The next energy boosting example relates to exercise, which releases chemicals that help wake us up and make us feel more alert.  

Physical exercise has all kinds of energy-boosting benefits, from pumping up our endorphins (which can make us feel both relaxed and excited) to improving concentration so we’re ready to tackle our morning to-do list.  

Research also suggests that people who move their bodies in the morning tend to be more active throughout the day. We’re advised that we don’t need to have an intense cardio session, either. We should just do whatever type of movement feels good to us; even just a stroll around the block can help.  

“Get some physical activity. Whether it’s yoga, stretching or something a bit more strenuous, anything that gets your blood flowing starts the day off right,” Katz said. “The benefits of exercise aren’t just physical; a morning workout sets a tone of self-care and the importance of wellness.”  

  1. Make sure we’re actually eating enough. 

The article points out that in general, it’s a good idea to “follow your body’s natural cadence” when it comes to food in order to boost energy in the morning, Smallidge said.  

While intermittent fasting continues to be extremely trendy, for energy you really want to be “listening to your body, and its natural rise and fall in blood sugar,” Smallidge said.  

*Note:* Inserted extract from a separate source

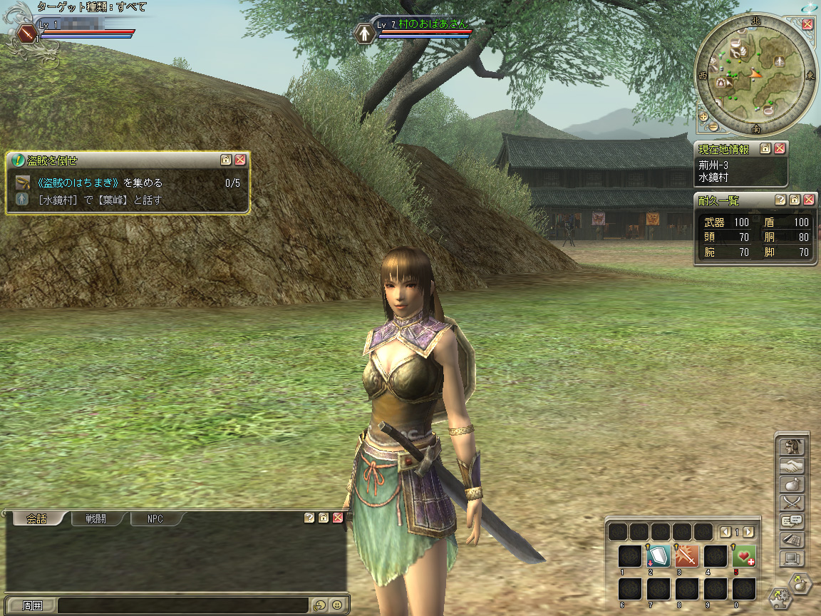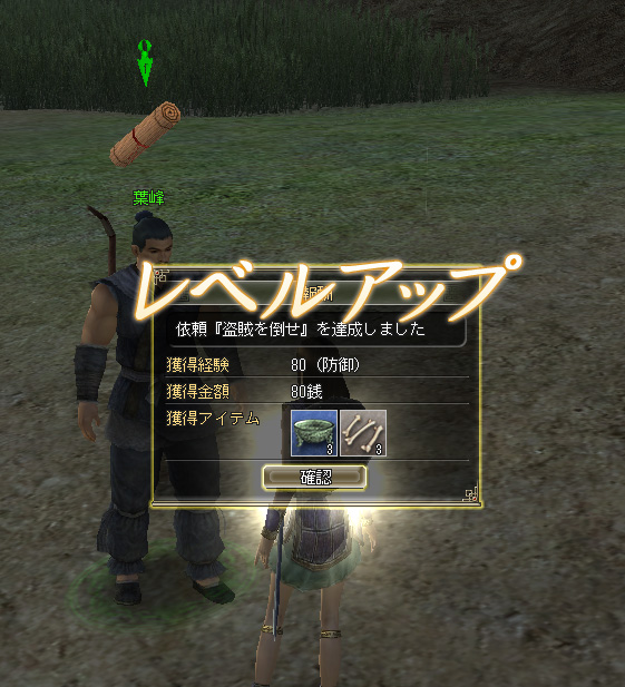 荊州盗賊は,倒されると「盗賊のはちまき」を落とす。盗賊を倒し続けていると,ほどなく5個の「盗賊のはちまき」が集まった。あとはこれを「葉峰」のもとに届ければ依頼は完了する。

She recommended eating a breakfast that is “higher in protein and healthy fats,” which may help maintain energy levels throughout the morning.  

We’re reminded that people tend to get hungry every three to four hours. To keep up energy levels, it’s important to give our bodies plenty of fuel — so if we’re an early riser, we might eat a few times in the morning, not just once.  

Mainly we should listen to our body's hunger cues and eat breakfast to help increase our natural energy levels.  

  1. MMind our sugar intake. 

The article stresses that sugar isn’t the enemy by any means, but it can have an effect on our energy levels.  

“When you eat a lot of sugar, your body produces high amounts of insulin to pull the sugar out of your blood and into your cells,” Nelson explained. “The overproduction of insulin leads to a sugar crash, making you feel tired, hungry and craving more sugar to bring your blood sugar levels back up.”  

Experts don’t believe the goal should necessarily be to avoid sugar altogether. Instead, we should consider ways in which we can cut down on added sugar in the morning — because breakfast does tend to be a pretty big culprit.  

  1. Ignore our phone. 

We’re counseled that when we reach for our phone first thing in the morning, we’re essentially letting someone — or something — else dictate the first thoughts and feelings we have.  

We don’t necessarily have to go cold turkey, but we do need to think about setting some boundaries that make sense for us.  

“A calm start to the morning ― away from scrolling through social media or responding to work emails ― can give your mind a chance to hone focus,” Katz said.  

We’re asked to set boundaries with our phones and let our mind focus on other mood-boosters.  

  1. Spend some time really getting to know our own preferences. 

It’s common sense that what works for one person in the morning won’t work for another, which is why all three experts quoted in the article  emphasized that some deliberate trial and error is a very good thing.  

We can change our routine a bit, starting with one habit at a time. Then see what happens.  

The overall idea is to get a sense of your baseline, and then spend some time making basic tweaks and just seeing what feels good — and what doesn’t.  

“Play around with it,” Nelson urged, adding that people will likely notice that they feel different (or not) pretty soon after making changes to what they eat and drink and how they structure their mornings. “Don’t be afraid to make mistakes.”